You can reach me by one of the following thoroughly modern methods.
www.davidmenon.com
www.facebook.com/davidmenon
www.twitter.com/#ifanyonefalls
www.leftwingrealist.com – my political blog!
*
ONE
He’d always been known as Dr. Sprightly. Gerald Edwards had been a G.P in the North Derbyshire town of Glossop for the best part of fifty years until he retired on the same day that his beloved Margaret Thatcher was forced out of office by her spineless comrades. He would never forget the tears on her face as she made her way to the car outside number ten. She’d been betrayed and as far as Gerald was concerned they should all have been ashamed.

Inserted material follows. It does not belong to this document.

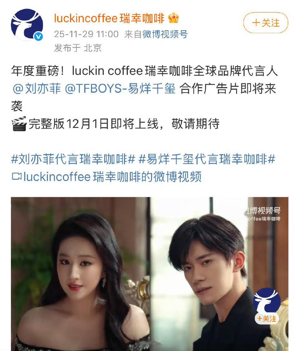 刘亦菲易烊千玺合作妈呀,我最喜欢的女演员和男演员,瑞幸这么有实力吗?

He could no longer ride his bike into town but he could still walk down the hill with the best of them, although going back up took a little longer these days. As he got closer into town he exchanged greetings and short conversations with various people he passed along the way. His son and daughter had both followed in his footsteps into medicine and taken over the health centre out on the Buxton road that he’d started back in the sixties. All the family, his grandchildren included, were known around the town and most people also mentioned his dear wife Joan who’d passed away some years ago. It was for Joan that he kept up his routines. It was for her that he never left the house without wearing a tie, a jacket and his shoes polished. She wouldn’t have wanted him to have given up on himself. She’d been a dutiful wife and he owed it to her memory to keep up his appearance like she’d have wanted him to.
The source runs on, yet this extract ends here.